I haven't read much about the latest in battery development but older style lead acid batteries lose about 15% to 20% of charging power to heat...the battery gets noticeably warmer when charged. AGM batteries with extremekly low internal resistance lose only a few percent, maybe 2% to 4% to heating when charged.

In addition AGM batteries can accept a charge up to their full rating in amp hours...so,for example, a 200 amp hour AGM battery can be charged at up to 200 amps...a tradional wet cell lead acid battery, like the ones in most cars, will only accept about 25% of their rating in amps...about 50 amps for a 200 AH rated battery.

In addition an alternator, likely loses another 15% or more of engine power in belt friction, heating, and internal frictional and air movement losses. Likewise battery chargers have their own losses...as do inverters if boosting battery voltages to higher ac levels...these also are only about 80 or 85% efficient.

I opted for a lot of battery sourced power aboard my boat when cruising both for quiet and to avoid even greater losses and noise in running a gas or diesel generator. I got my quiet for reding physics, but the losses were substantial no matter what when away from commercial dockside power.

 

[Phrak]

I agree with most of that; at least, I did, initially.
But you can't just write them off:

I find capacitors as applied to braking systems inferior to batteries for the numerous reasons I've already give. In nearly parallel argument they are inferior to batteries in supplying power. Without evidence to the contrary I don't find them worthy of consideration.

At present, all motors and generators are designed with constant supply volts in mind and that is clearly the most 'convenient' but the fact that capacitors can dump and supply considerable dollops of energy, rapidly seems to be what appeals about them. The energy per kg figures are around that of many rechargeable cells.

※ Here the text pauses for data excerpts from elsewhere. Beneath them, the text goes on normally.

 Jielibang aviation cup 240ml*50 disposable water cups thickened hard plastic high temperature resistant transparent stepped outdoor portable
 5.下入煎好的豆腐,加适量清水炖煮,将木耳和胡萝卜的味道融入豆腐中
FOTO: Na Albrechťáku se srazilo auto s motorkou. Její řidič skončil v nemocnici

I understand that. This is the initial attraction to capacitors. But you have to carry the analysis beyond the favorably qualities to the disadvantageous qualities if you are interested in a fair comparison

The pedal pressure thing wouldn't be a factor if the back pressure were supplied by a servo;

Pedal pressure is roughly equivalent to braking power. This manifests as a potential across the drive motor now used as a generator. This power, in a dynamic braking system, in whole or in part, is to be sent to a storage device. Whatever voltage is developed in this process needs to be matched to the voltage of the device that will be doing the storing. The unmatched voltage times the current generated is simply more lost heat.

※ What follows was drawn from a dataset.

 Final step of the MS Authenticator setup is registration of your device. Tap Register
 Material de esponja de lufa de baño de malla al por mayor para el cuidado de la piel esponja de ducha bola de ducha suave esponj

With capacitors, the variation in voltage is compounded as the product by both the generator's swing and the swing in capacitor voltage. I've already explained this above in shorter words.

So is the lossive inductive element that will withstand these variations bigger or smaller than a bread basket?

I have a way-to-long background in power conversion electronics.
Though I am not sufficiently motivated actually solve this particular problem numerically, given some theoretical values, I'm quite confident that all current power conversion electronics are dismally insufficient to make this a practically competitive alternative to batteries.

 

[sophiecentaur]

You're probably right in the end. Dissipating hundreds of kW is hard enough (with brakes) - storing energy at that rate sounds even harder. Bigger than a breadbasket by quite a bit, I should imagine.
I still don't get your point about brake pedal force. Of course it applies in basic brakes but, in all other systems - including your everyday servo - it is made artificially so because we like it that way. I have driven a truck with some air brakes which were more or less on/off and there was virtually no feel back. A nightmare when you are not carrying a load.

 

[likephysics]

Just a question about regenerative braking - are the caps charged directly from the braking mechanism, Brakes--->dynamo-->charging ckt-->caps
or is it like
Brakes-->some mechanical winding system(like a spring or a flywheel)--> the spring unwinds slowly -->dynamo-->charging ckt-->caps.

 

[Phrak]

sophiecentaur. Sorry, by variable brake peddle pressure I was referring to, in rough terms to the variable power presented to the conversion circuit. The actual pressure has nothing to do with it. In effect, your foot pressure is just a mean to tell the braking circuitry how much power needs to be absorbed to reduce the vehicle's kinetic energy at any given time.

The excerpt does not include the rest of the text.